In November 1957, at the height of the Cold War, Russian author Boris Pasternak published one of the most important novels of the 20th Century, Doctor Zhivago. While the novel was banned in the Soviet Union, the CIA believed that it was so important to get the novel behind the Iron Curtain that it published copies itself.
According to The Washington Post, the idea was suggested by British authorities and Washington agreed. In a memo to branch chiefs in the USSR, the CIA said Pasternak’s epic romance had “great propaganda value, not only for its intrinsic message and thought-provoking nature, but also for the circumstances of its publication.”
They believed that the history of Pasternak’s journey to get it published in the first place would help Russians realize how their government was stifling one of their own literary geniuses.

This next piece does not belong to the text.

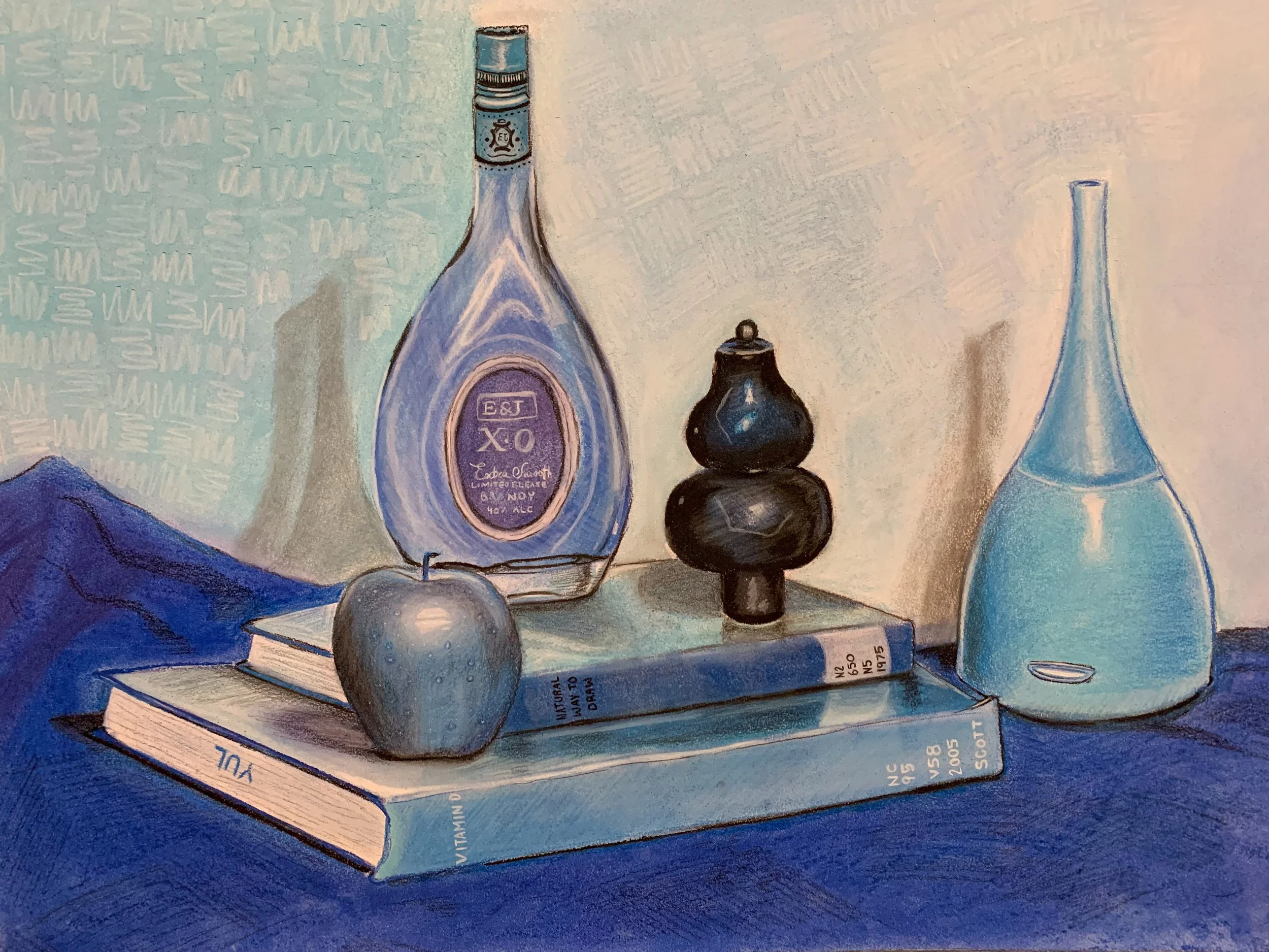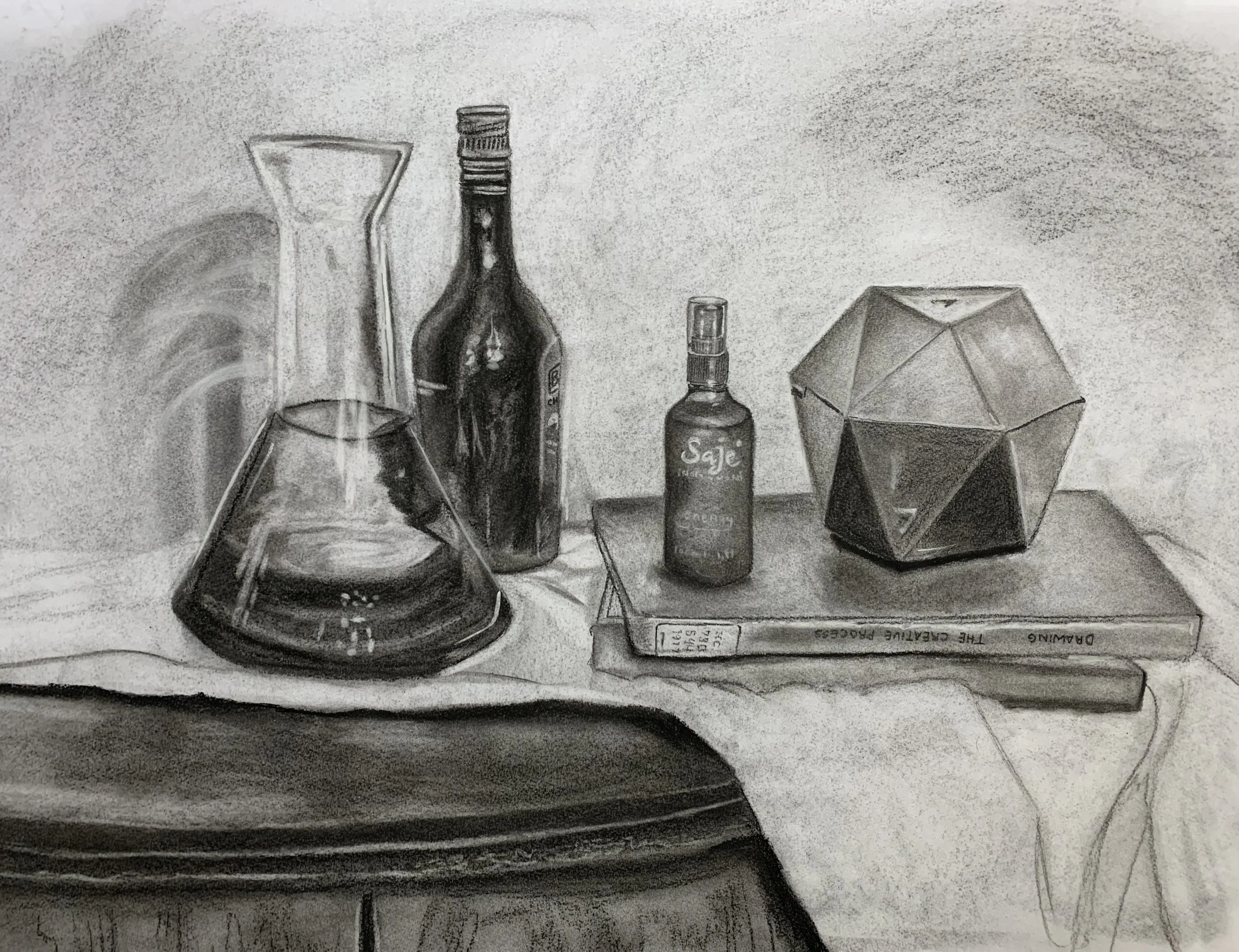 XIA WENJIN, 4, ORDINARY OBJECT, CHARCOAL ON PAPER, 18 x 24, 2022. This is a still life drawing with a focus on household objects on paper using charcoal pencil. Through shading techniques of realistic lighting, it helps us better at creating shapes and building three-dimensional forms.

Pasternak had the book published first in Italian in Italy before it became a worldwide phenomenon.
As USA Today points out, the CIA then decided to publish t the book in Russian, first in the Netherlands. From there, they transported copies of the book throughout Western Europe.
Pasternak ended up winning the Nobel Prize in Literature and the story also lives on in David Lean’s 1965 film, which starred Julie Christie and Omar Sharif.
The CIA papers were declassified and made available for the authors of The Zhivago Affair, which traces the book’s journey. It will be published on June 17.